5. Sistem Teritorial untuk Penghasilan Luar Negeri
Penghasilan tertentu (termasuk dividen) dari luar negeri tidak dikenakan PPh sepanjang diinvestasikan di Indonesia. Jika badan usaha tetapnya di luar negeri, dividen tersebut tidak dikenakan pajak di Indonesia.
Untuk wajib pajak yang berstatus dua residence, objek pajak hanya dikenakan PPh yang berasal dai penghasilannya dari luar Indonesia tidak dikenakan mekanisme pengenaan pajak PPh pasal 26.
6. Penentuan Subjek Pajak
Warga negara Indonesia yang bekerja di luar negeri dari 183 hari dapat menjadi Subjek Pajak Luar Negeri (SPLN). Penghasilan dari bahan usaha luar negeri tidak dikenakan pajak.

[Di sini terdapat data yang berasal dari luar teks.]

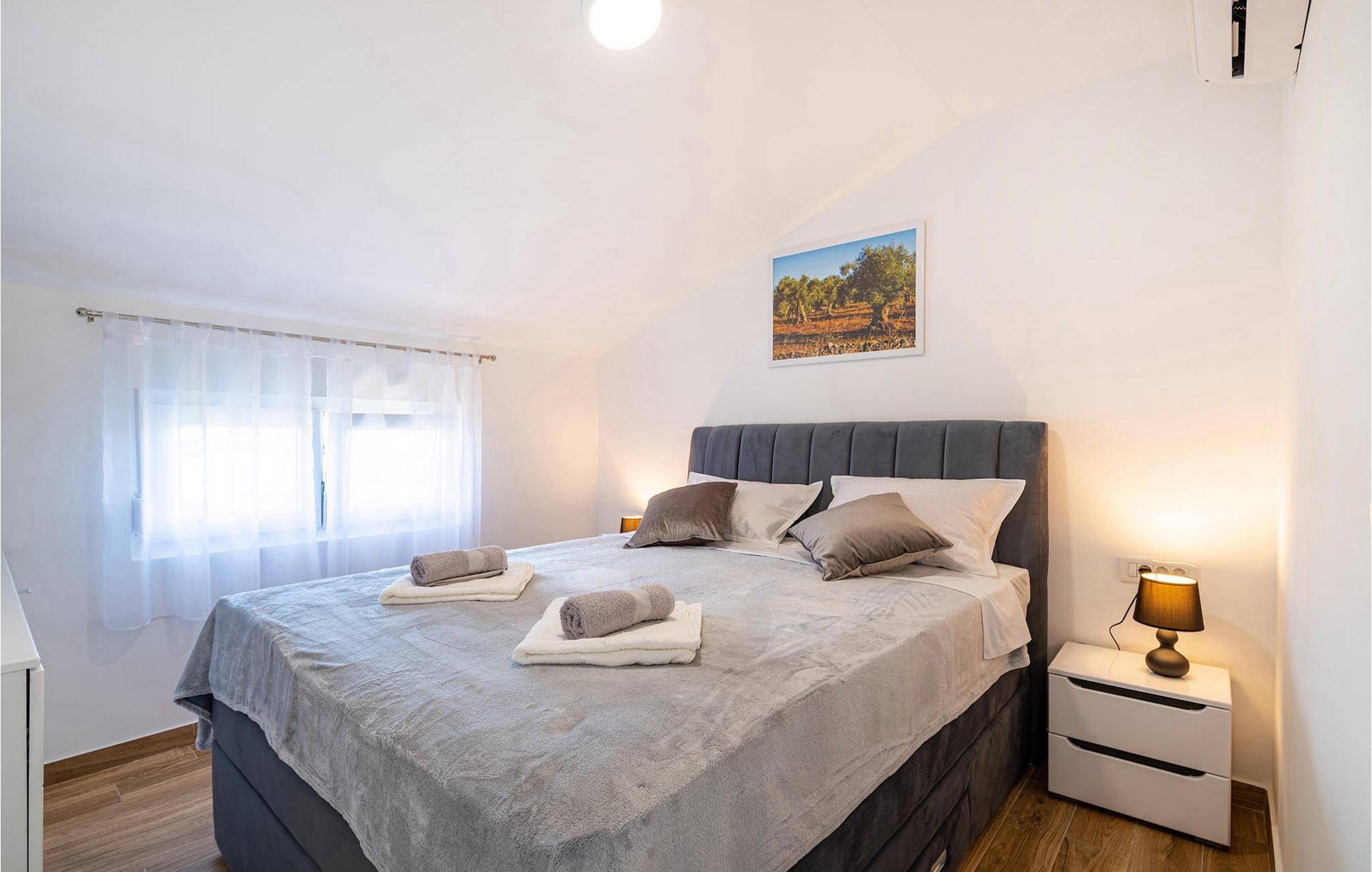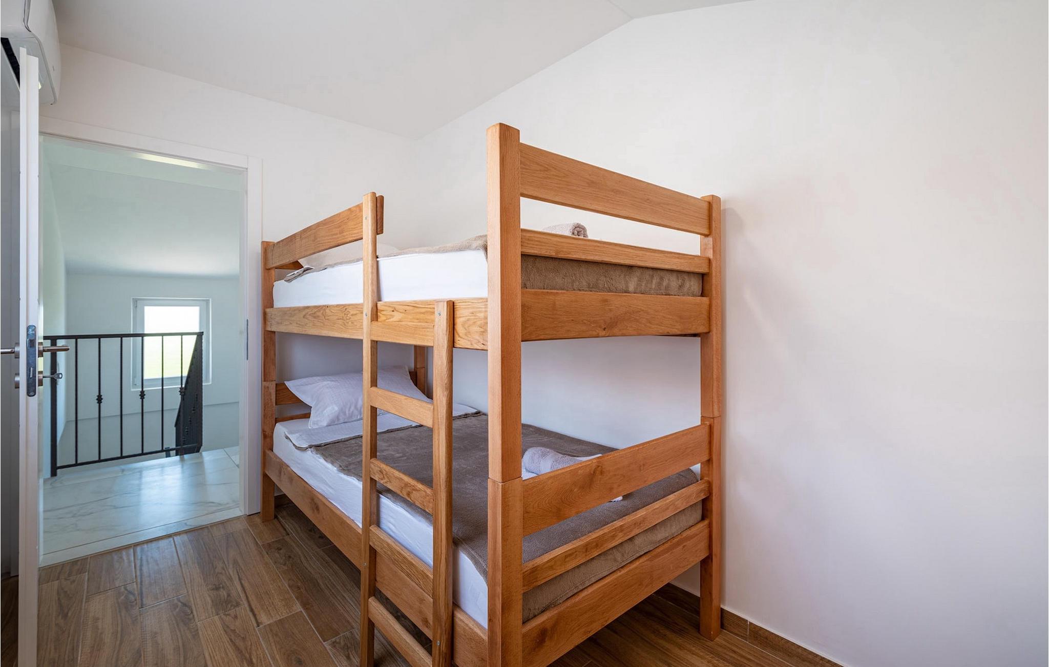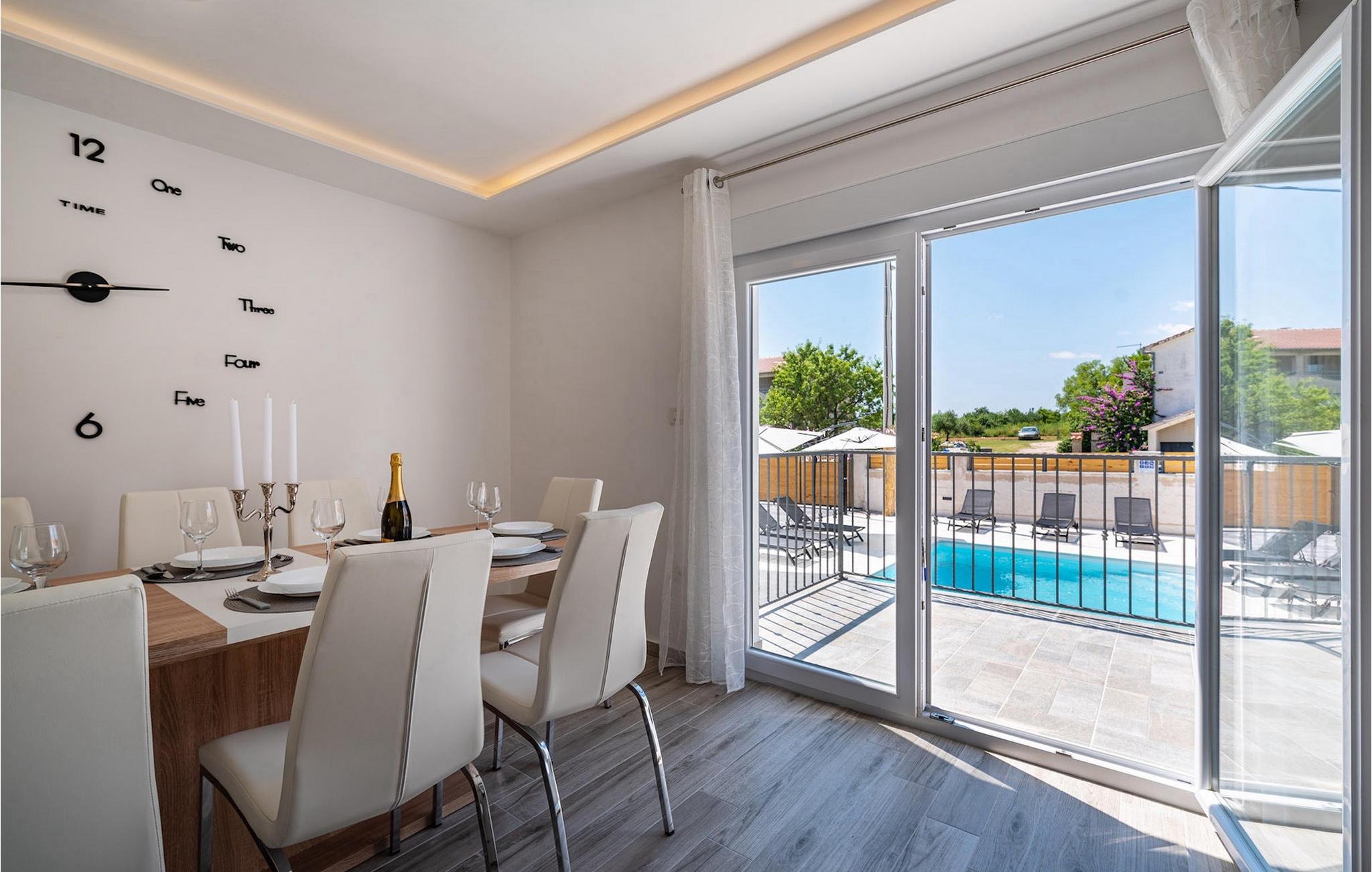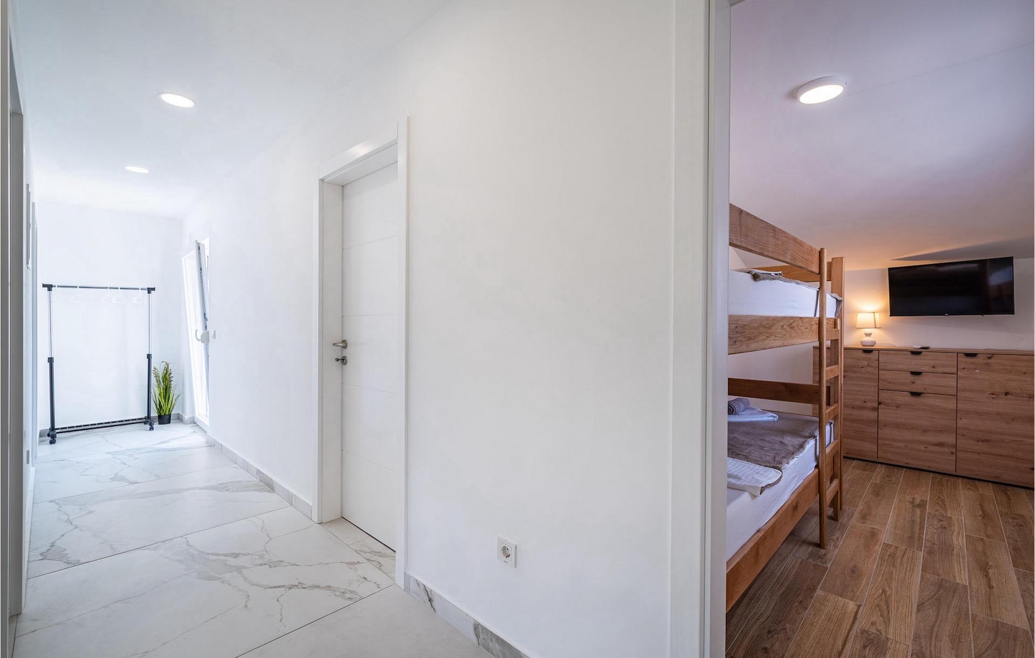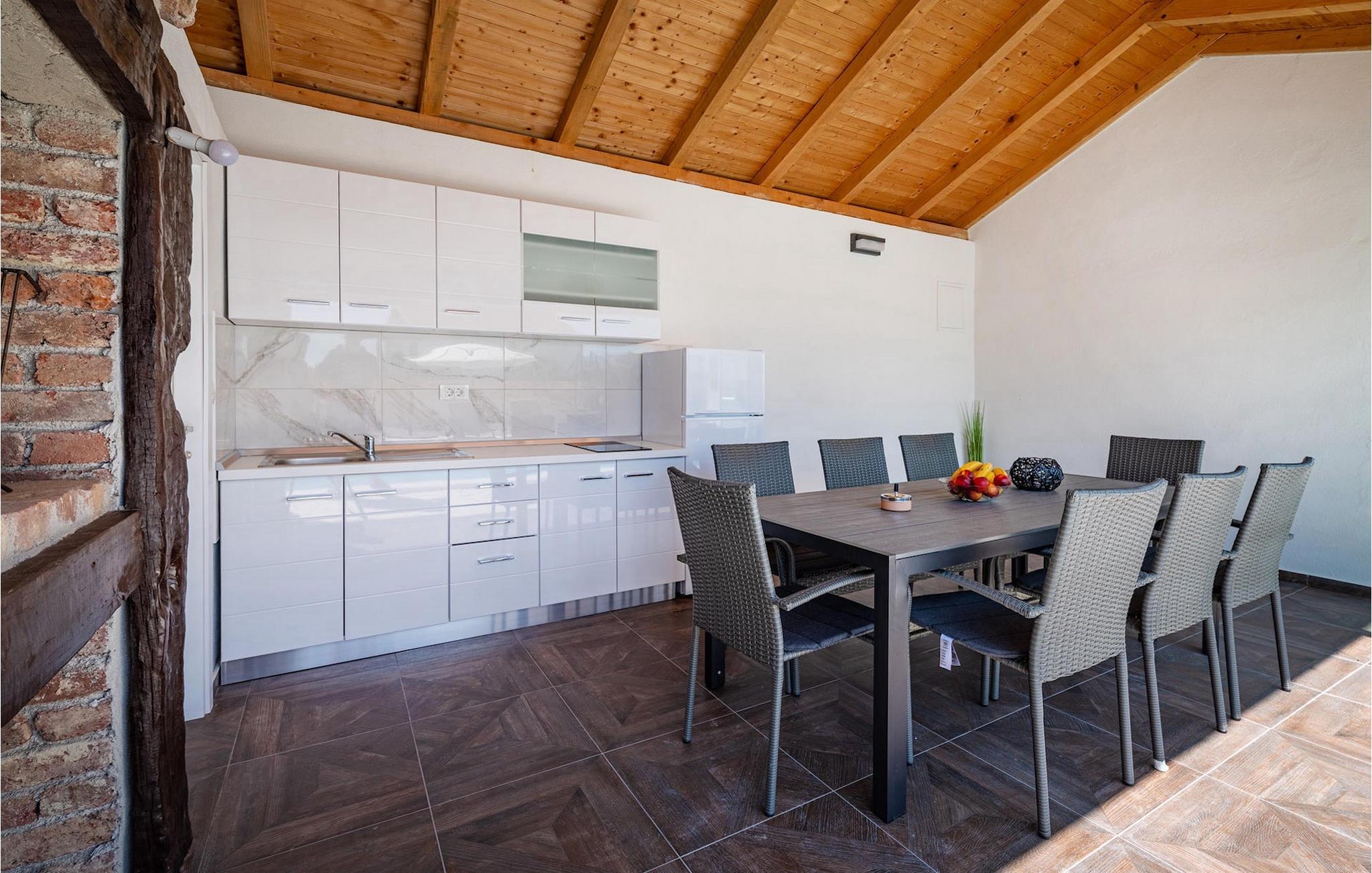 Die Villa Feniks im Dorf Polaca ist eine ideale Villa für einen Urlaub mit der Familie. Der Garten ist komplett eingezäunt und bietet Ihnen während Ihres Urlaubs die gewünschte Privatsphäre. Vor dieser wunderschönen Villa befindet sich ein 32 Quadratmetre großer Swimmingpool, in dem Sie sich von der Sommerhitze erfrischen können. Wenn Sie ein Fan des Sonnenbadens sind, entspannen Sie sich in den Liegestühlen am Pool und genießen Sie erfrischende Getränke und interessante Lektüre. Am Pool gibt es einen überdachten Bereich mit einer Außenküche und einem Esstisch aus Holz mit 8 Sitzplätzen, wo Sie dalmatinische Spezialitäten vom Grill genießen können. Wecken Sie das Kind in sich und haben Sie Spaß mit den jüngsten Familienmitgliedern auf dem Trampolin. An Unterhaltungsmöglichkeiten mangelt es in der Villa nicht: Im Kellerraum können Sie Billard oder Darts spielen. Auch das Innere der Villa wird Sie nicht enttäuschen. Im Erdgeschoss der Villa gibt es eine Küche mit allem, was Sie zum Zubereiten von Mahlzeiten benötigen, einen offenen Raum mit einem gemütlichen Wohnzimmer und ein Esszimmer. Im ersten Stock der Villa gibt es ein Badezimmer, ein Schlafzimmer mit einem Doppelbett, ein zweites Schlafzimmer, das ebenfalls über ein Doppelbett verfügt, und ein drittes Schlafzimmer mit einem Etagenbett, das sicherlich bei den jüngsten Gästen beliebt sein wird. Die Schlafzimmer im ersten Stock verfügen über einen Fernseher und eine Klimaanlage. Im Untergeschoss der Villa befindet sich ein viertes Schlafzimmer mit zwei Einzelbetten und Klimaanlage. Ein Urlaub in der Villa Phoenix wird Sie beleben und wie ein Phönix zu neuen Siegen im Leben emporheben. Verpassen Sie nicht einen unterhaltsamen Familienurlaub in der dalmatinischen Atmosphäre von Polaca. Die Villa Feniks befindet sich in Polaca, in der Nähe der Stadt Biograd na Moru. Es liegt in der Gegend von Ravni Kotar, die für ihre einheimische Maraska-Kirsche und den Agrotourismus bekannt ist. Besuchen Sie den Naturpark Vrana-See, der den größten natürlichen See und eines der größten Feuchtgebiete im Mittelmeerraum Kroatiens beherbergt. Im Parkgebiet gibt es 95 gesetzlich geschützte Arten. Die Altstadt von Vrana entstand im Mittelalter in unmittelbarer Nähe des Sees. Das Benediktinerkloster wurde später von den Tempelrittern genutzt und die Insignien – Symbole der Macht des kroatischen Königreichs – wurden lange Zeit innerhalb der Mauern aufbewahrt. Besuchen Sie die Touristenzentren Biograd na Moru und Pakoštane. Pakoštane liegt im Zentrum Dalmatiens mit vielen kulturellen und historischen Sehenswürdigkeiten wie den Kirchen St. Justin, St. Michael, St. Roka und lokale Feste wie Karneval, Sommerspiele. Biograd na moru ist ein bekannter beliebter Sommerurlaubsort mit wunderschönen Sandstränden. Geschichtsliebhaber können das Biograd-Museum besuchen. Besuchen Sie zahlreiche Inseln wie Pašman, Galesnjak und NP Kornati. Ein unumgängliches Ziel ist Zadar, die kulturelle und historische Wiege Kroatiens, berühmt für die Kirche Hl. Donata, Hl. Stošija und Hl. Maria, Truhe des Hl. Šimuna, Hauptstraße Kalelarga, Meeresorgel und Gruß an die Sonne.

Tapi penghasilan yang berasal dari Indonesia akan dikenakan PPh.
Ekspariat atau pekerja asing yang tinggal di Indonesia selama lebih dari 183 hari menjadi Subjek Pajak Dalam Negeri (SPDN). Dikenakan PPh hanya pada penghasilan yang diterima di Indonesia. Sedangkan penghasilan yang diterima dari luar negeri tidak dikenakan pajak.
7. Hak atas Pengkreditan Pajak Masukan
Pengusaha Kena Pajak (PKP) yang membeli barang atau jasa dari pihak non-PKP dapat mengkreditkan pajak masukannya maksimal 80%.
8. Perubahan Tarif Sanksi Perpajakan
Tarif sanksi administrasi dari semula yang flat rate 2% tiap bulan, diubah menjadi mengikuti suku bunga yang berlaku.
9. Perpajakan Transaksi Digital
Sebelumnya subjek pajak harus memiliki Badan Usaha Tetap (BUT) fisik atau kantor cabang di Indonesia. Pada RUU Omnibus Law, selama perusahaan tersebu beroperasu atau mendapatkan nilai ekonomi di Indonesia, maka perusahaan tersebut wajib membayar pajak.
10. Rasionalisasi Pajak Daerah
Pemerintah Pusat dapat menetapkan tarif Pajak Daerah yang berlaku secara nasional. Pemerintah Pusat dapat berikan sanksi dan batalkan Peraturan Daerah yang menghambat investasi.